Economic growth is a sustained expansion of production possibilities measured as the increase in
real GDP over a given period
Why do some companies stagnate in their growth and others excel in growth?
Calculating growth rates
Economic growth rate is the annual percentage change of real GDP.
REAL GDP growth rate = REAL GDP CURRENT YEAR – REAL GDP PREVIOUS YEAR
/
REAL GDP in PREVIOUS YEAR
X
100 %
The growth rate tells us how rapidly the economy is expanding. The real GDP growth rate measures
he potential changes in the balance of economic power among nations. But it does not tells us about
changes in the standard of living. That depends on real GDP per person which is real GDP divided by
the population. So the contribution of real GDP growth to the change in the standard of living
depends on the growth rate of real GDP per person. Use two real GDP per person values with the
growth formula above to calculate the growth rate of real GDP per person. The growth rate of real
GDP per person can also be calculated approximately by subtracting the population growth rate
from the real GDP growth rate. Real GDP per person grows only if real GDP grows faster than the
population grows. If the growth rate of the population exceeds the growth of real GDP, real GDP per
person falls.
The magic of sustained growth
Compound interest
Rule of 70 which states that the number of years it takes for the level of any variable to double is
approximately 70 divided by the annual percentage growth rate of the variable.
Economic growth trends
How fast is our economy growing? How fast are other economies growing? Are poor countries
catching up to rich ones, or do the gaps between the rich and poor persist or even widen? A major
goal of this chapter is to explain why our economy grows and why the long-term growth rate varies.
Another goal is to explain variations in the economic growth rate across countries. Let’s look at some
facts about other countries’ growth rates. What are the preconditions for economic growth and what
sustains it? How can we identify the sources of economic growth and measure the contribution that
each source makes? What can we do to increase the sustainable rate of economic growth?
, Red line = real GDP (circles around)
Black line = potential GDP. (linear mostly)
The trend in potential GDP per person tells us about economic growth. Fluctuations around potential
GDP tells us about the business cycle.
How potential GDP grows?
What determines potential GDP?
Labour, capital, land and entrepreneurship produce real GDP, and the productivity of the factors of
production determines the quantity of real GDP that can be produced. Land, capital and
entrepreneurship are fixed factors and labor is a variable factor.

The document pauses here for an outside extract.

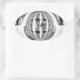 Pegatina con un diseño abstracto de fantasía en tonos blancos y grises negros, con una órbita 3D reflectante sobre un fondo giratorio. Un diseño de personalizable para que puedas personalizar con tu propio texto, imágenes e ideas. Creado usando una fotografía original y técnicas digitales de Jess Perry.

- An aggregate production function
- An aggregate labour market
Aggregate production function
Production possibilities frontier is the boundary between the combinations of goods and services
that can be produced and those that cannot. We are going to think about the production possibilities
frontier for two special goods; real GDP and the quantity of leisure time. Real GDP are like big
shopping carts each unit contains a certain value. The quantity of leisure tie is the number of hours
spent not working.
- The aggregate production function is the relationship that tells us how real GDP changes as
the quantity of labour changes when all other influences on production remain the same.
This relationship – the curve. An increase in the quantity of labour (and a corresponding decrease in
leisure hours) brings a movement along the production function and an increase in real GDP.
Aggregate labour Market
In macroeconomics, we pretend that there is one large labour market that determines the quantity
of labour employed and the quantity of real GDP produced. To see how this aggregate labour market
works, we study the
- Demand for labour
- The supply for labour
- Labour market equilibrium
The demand for labour
- The demand for labour is the relationship between the quantity of labour demanded and the
real wage rate.
- The quantity of labour demanded is the number of labour hours hired by all the firms in the
economy during a given period.
- The quantity depends on the price of labour, which is the real wage rate.
- The real wage rate influences the quantity of labour demanded because what matters to
firms is not the number of pounds they pay but how much output they must sell to earn
those pounds.
The real wage rate is the quantity of goods and services that an hour of labour earns. It
contrast with the money wage rat, which is the number of pounds that an hour of labour
earns. The real wage rate is calculated by dividing the money wage rate by the price level
The quantity of labour demanded increases as the real wage rate decreases.